→ Records shown

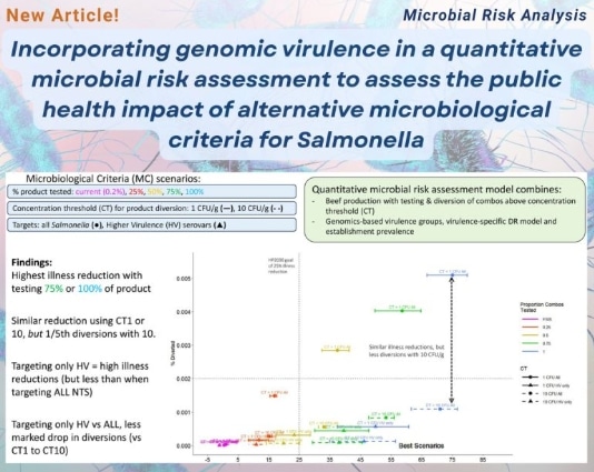 New Article in Microbial Risk Analysis titled: Incorporating genomic virulence in a quantitative microbial risk assessment to assess the public health impact of alternative microbiological criteria for Salmonella, introduces a novel Quantitative Microbial Risk Assessment (QMRA) model that evaluates Non-Typhoidal Salmonella (NTS) illness reductions under various microbial criteria scenarios in beef production.
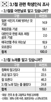 전국 초·중·고 학생 10명 중 4명이 3·1절의 의미에 대해 모르는 것으로 나타났다. 한국교총이 지난달 18~24일 전국 초·중·고생 3919명을 대상으로 실시한 설문조사(신뢰수준 95%· 표본오차±1.6%포인트)에 따르면, 응답자의 59.1%만이 3·1절을 ‘독립운동을 기념하기 위한 날’로 알고 있는 것으로 답했다. ‘나라를 위해 목숨을 바친 애국선열을 추모하기 위한 날’로 알고 있는 학생이 18.9%, ‘일본의 식민지 지배에서 벗어난 것을 기념하기 위한 날’로 아는 학생이 14.9%, ‘모르겠다’가 5.1%로 나타나는 등 40.9%의 학생이 3·1절에 대해 정확히 알지 못하는 것으로 조사됐다. '3·1절 노래를 알고 있습니까'라는 문항에도 ‘잘 모른다’고 응답한 학생이 46.3%, ‘3·1절 노래가 있는 줄 모르고 있었다’는 학생이 24.8%로 집계됐다. 3·1절 노래를 ‘정확히 알고 있다’는 학생은 6.5%에 불과해 국가 의례에 대한 지식이 부족한 것으로 분석됐다. 한편, 애국가, 태극기 등 국가상징에 대한 지식에서도 미흡한 부분이 그대로 드러났다. ‘애국가를 4절까지 부를 수 있는지’에 대해서는 응답자의 55.7%만이 ‘4절까지 부를 수 있다’고 답했고, ‘태극기를 정확하기 그릴 수 있나?’라는 문항에는 ‘정확하지는 않지만 비슷하게 그릴 수 있다’는 학생이 64.4%로 압도적이었다. ‘정확하게 그릴 수 있다’는 학생이 30.9%, ‘전혀 그릴 수 없다’도 4.7%로 나왔다. ‘우리나라를 어떻게 생각하느냐’에 대해 응답자의 47.7%는 ‘항상 자랑스럽게 생각한다’, 43.9%는 ‘스포츠경기 우승 또는 우수한 제품수출 강국이라는 소리들을 때 자랑스럽다’라고 밝혔다. ‘자랑스럽게 생각해 본 적 없다’와 ‘잘 모른다’도 각각 4.6%, 3.7%가 나왔다. 이명희 공주사대 교수는 “많은 학생들이 국가의례나 상징에 대한 지식을 모르는 것은 국가 공동체의 법, 규칙 등을 지키고 더불어 사는 자질을 형성토록 하는 인성교육의 부재가 원인”이라며 “국가에 관한 예절이 내면화될 수 있도록 헌법과 국가이념에 대한 교육을 내실화하고 공론화해야 한다”고 강조했다.
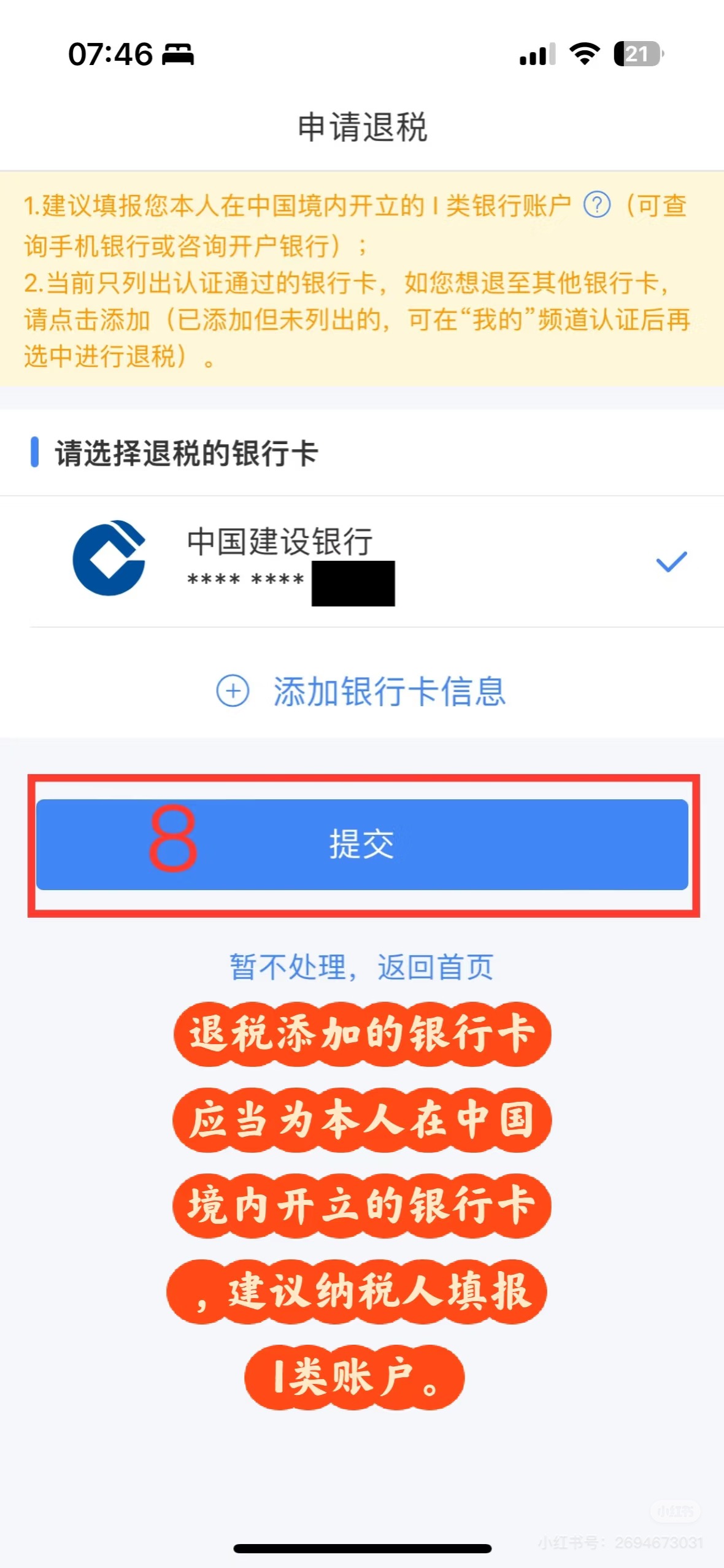 (7)办理“免申报”或“退税”或“缴税”。
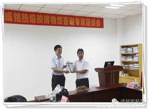 16:30分,成銘熱熔膠博物館答謝專家座談會在成銘書屋舉行,成銘熱熔膠博物館館長王賢勝先生、成銘公司總經(jīng)理陳銘先生、副總經(jīng)理鄧小華先生參加了座談會。王賢勝館長做了簡短致詞,說明了組織本次會議的目的和意義,表達了對專家學(xué)者們的熱烈歡迎和由衷的感謝。之后,陳銘總經(jīng)理向?qū)<覀兒喴榻B了成銘公司的發(fā)展情況與未來的計劃,專家學(xué)者們紛紛對成銘熱熔膠博物館建成和運行的重大意義及良好的社會反響給予表揚,同時也就一些博物館的細節(jié)和發(fā)展方向問題提出了專業(yè)而中肯的建議和意見并各自介紹了自己的研究領(lǐng)域及取得的研究成果,還就中國膠粘劑行業(yè)健康發(fā)展問題發(fā)表了各自最前沿的看法,并就“創(chuàng)新、研究、定位、人才”等話題進行了討論。這為成銘熱熔膠博物館的完善與提升指明了的方向,也為成銘公司的發(fā)展提供了很好的參考。
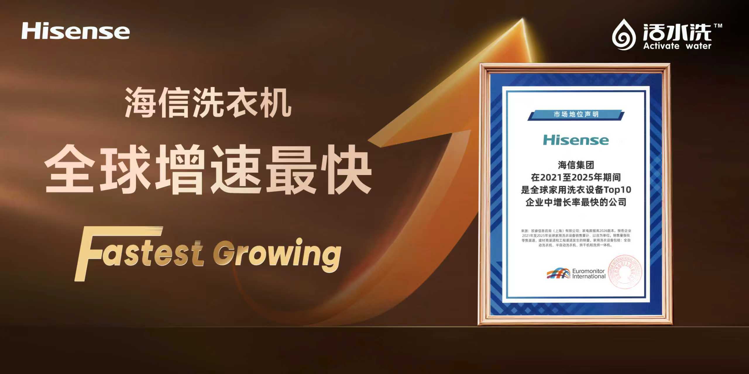 在全球洗衣机市场竞争日趋激烈的背景下,海信洗衣机逆势而上,跑出了令行业瞩目的“加速度”。在海外,海信洗衣机已销往全球140多个国家和地区。2025年6月,其在英国的市场份额突破11%,跃居行业第一;在克罗地亚、塞尔维亚等国份额超过30%,稳居当地市场前三。在南非,海信洗衣机实现从行业追赶者到量额双第一的跨越式增长。在全球范围内,海信洗衣机获欧睿国际认证为近五年全球TOP10中增速最快(2021-2025)。
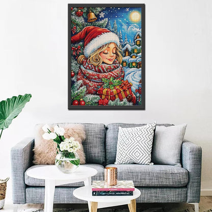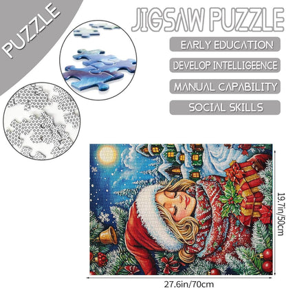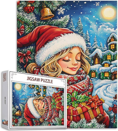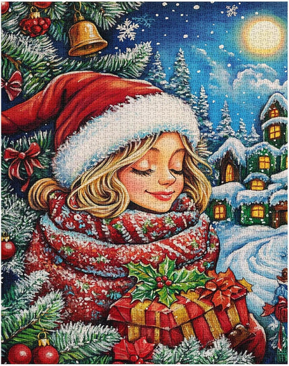 • Ce magnifique puzzle représente une charmante jeune fille portant un bonnet de Père Noël, tenant un cadeau emballé et contemplant une scène hivernale enneigée. Les lumières scintillantes des maisons au loin, la neige qui tombe et la lueur chaleureuse de la lune créent une atmosphère de Noël vraiment magique. Ce puzzle apportera joie et esprit festif à n'importe quelle maison.
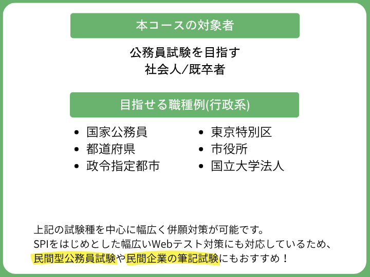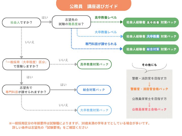 高卒レベルの公務員試験を目指す社会人/既卒者 【大卒教養対策パック】 教養試験のみ課される大卒レベルの公務員試験を目指す社会人/既卒者 【総合対策パック】 専門科目まで課される大卒レベルの公務員試験を目指す社会人/既卒者 |
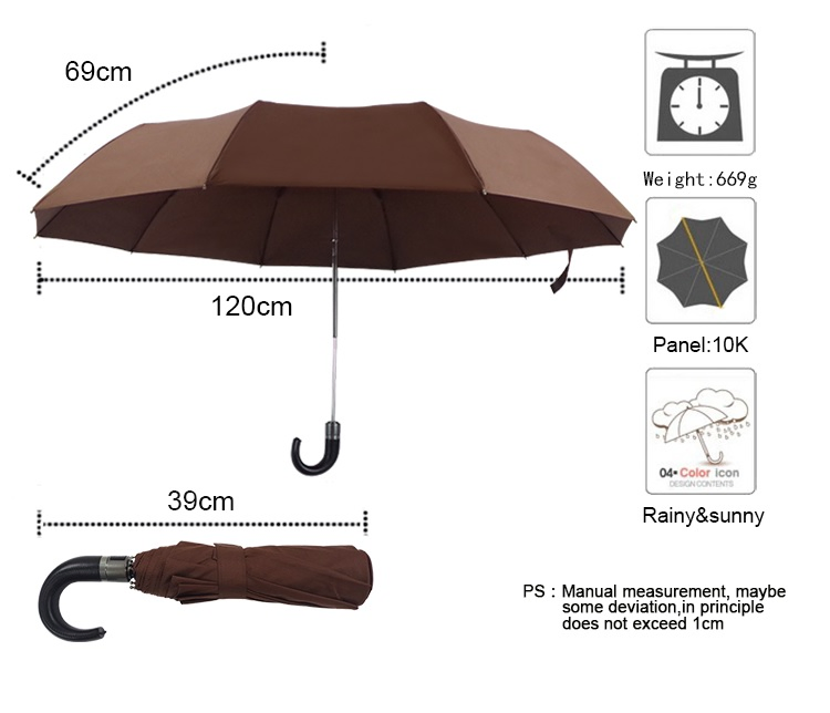 | Name | Leather handle umbrella PU leather handle customize extra big size folding windproof compact umbrella with auto open and close |
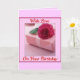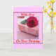 Mots "Avec amour à votre anniversaire" Jolie fleur rouge repose sur un cadeau emballé. Fait un design agréable pour vos salutations d'anniversaire.
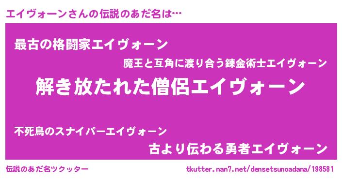 | 意味不明あだ名 | 『住所不定無職エイヴォーン(47歳)』 |

→ What you should do
With the images omitted, return the full material exactly.

→ Task output
 New Article in Microbial Risk Analysis titled: Incorporating genomic virulence in a quantitative microbial risk assessment to assess the public health impact of alternative microbiological criteria for Salmonella, introduces a novel Quantitative Microbial Risk Assessment (QMRA) model that evaluates Non-Typhoidal Salmonella (NTS) illness reductions under various microbial criteria scenarios in beef production.
 전국 초·중·고 학생 10명 중 4명이 3·1절의 의미에 대해 모르는 것으로 나타났다. 한국교총이 지난달 18~24일 전국 초·중·고생 3919명을 대상으로 실시한 설문조사(신뢰수준 95%· 표본오차±1.6%포인트)에 따르면, 응답자의 59.1%만이 3·1절을 ‘독립운동을 기념하기 위한 날’로 알고 있는 것으로 답했다. ‘나라를 위해 목숨을 바친 애국선열을 추모하기 위한 날’로 알고 있는 학생이 18.9%, ‘일본의 식민지 지배에서 벗어난 것을 기념하기 위한 날’로 아는 학생이 14.9%, ‘모르겠다’가 5.1%로 나타나는 등 40.9%의 학생이 3·1절에 대해 정확히 알지 못하는 것으로 조사됐다. '3·1절 노래를 알고 있습니까'라는 문항에도 ‘잘 모른다’고 응답한 학생이 46.3%, ‘3·1절 노래가 있는 줄 모르고 있었다’는 학생이 24.8%로 집계됐다. 3·1절 노래를 ‘정확히 알고 있다’는 학생은 6.5%에 불과해 국가 의례에 대한 지식이 부족한 것으로 분석됐다. 한편, 애국가, 태극기 등 국가상징에 대한 지식에서도 미흡한 부분이 그대로 드러났다. ‘애국가를 4절까지 부를 수 있는지’에 대해서는 응답자의 55.7%만이 ‘4절까지 부를 수 있다’고 답했고, ‘태극기를 정확하기 그릴 수 있나?’라는 문항에는 ‘정확하지는 않지만 비슷하게 그릴 수 있다’는 학생이 64.4%로 압도적이었다. ‘정확하게 그릴 수 있다’는 학생이 30.9%, ‘전혀 그릴 수 없다’도 4.7%로 나왔다. ‘우리나라를 어떻게 생각하느냐’에 대해 응답자의 47.7%는 ‘항상 자랑스럽게 생각한다’, 43.9%는 ‘스포츠경기 우승 또는 우수한 제품수출 강국이라는 소리들을 때 자랑스럽다’라고 밝혔다. ‘자랑스럽게 생각해 본 적 없다’와 ‘잘 모른다’도 각각 4.6%, 3.7%가 나왔다. 이명희 공주사대 교수는 “많은 학생들이 국가의례나 상징에 대한 지식을 모르는 것은 국가 공동체의 법, 규칙 등을 지키고 더불어 사는 자질을 형성토록 하는 인성교육의 부재가 원인”이라며 “국가에 관한 예절이 내면화될 수 있도록 헌법과 국가이념에 대한 교육을 내실화하고 공론화해야 한다”고 강조했다.
 (7)办理“免申报”或“退税”或“缴税”。
 16:30分,成銘熱熔膠博物館答謝專家座談會在成銘書屋舉行,成銘熱熔膠博物館館長王賢勝先生、成銘公司總經(jīng)理陳銘先生、副總經(jīng)理鄧小華先生參加了座談會。王賢勝館長做了簡短致詞,說明了組織本次會議的目的和意義,表達了對專家學(xué)者們的熱烈歡迎和由衷的感謝。之后,陳銘總經(jīng)理向?qū)<覀兒喴榻B了成銘公司的發(fā)展情況與未來的計劃,專家學(xué)者們紛紛對成銘熱熔膠博物館建成和運行的重大意義及良好的社會反響給予表揚,同時也就一些博物館的細節(jié)和發(fā)展方向問題提出了專業(yè)而中肯的建議和意見并各自介紹了自己的研究領(lǐng)域及取得的研究成果,還就中國膠粘劑行業(yè)健康發(fā)展問題發(fā)表了各自最前沿的看法,并就“創(chuàng)新、研究、定位、人才”等話題進行了討論。這為成銘熱熔膠博物館的完善與提升指明了的方向,也為成銘公司的發(fā)展提供了很好的參考。
 在全球洗衣机市场竞争日趋激烈的背景下,海信洗衣机逆势而上,跑出了令行业瞩目的“加速度”。在海外,海信洗衣机已销往全球140多个国家和地区。2025年6月,其在英国的市场份额突破11%,跃居行业第一;在克罗地亚、塞尔维亚等国份额超过30%,稳居当地市场前三。在南非,海信洗衣机实现从行业追赶者到量额双第一的跨越式增长。在全球范围内,海信洗衣机获欧睿国际认证为近五年全球TOP10中增速最快(2021-2025)。
 • Ce magnifique puzzle représente une charmante jeune fille portant un bonnet de Père Noël, tenant un cadeau emballé et contemplant une scène hivernale enneigée. Les lumières scintillantes des maisons au loin, la neige qui tombe et la lueur chaleureuse de la lune créent une atmosphère de Noël vraiment magique. Ce puzzle apportera joie et esprit festif à n'importe quelle maison.
 高卒レベルの公務員試験を目指す社会人/既卒者 【大卒教養対策パック】 教養試験のみ課される大卒レベルの公務員試験を目指す社会人/既卒者 【総合対策パック】 専門科目まで課される大卒レベルの公務員試験を目指す社会人/既卒者 |
 | Name | Leather handle umbrella PU leather handle customize extra big size folding windproof compact umbrella with auto open and close |
 Mots "Avec amour à votre anniversaire" Jolie fleur rouge repose sur un cadeau emballé. Fait un design agréable pour vos salutations d'anniversaire.
 | 意味不明あだ名 | 『住所不定無職エイヴォーン(47歳)』 |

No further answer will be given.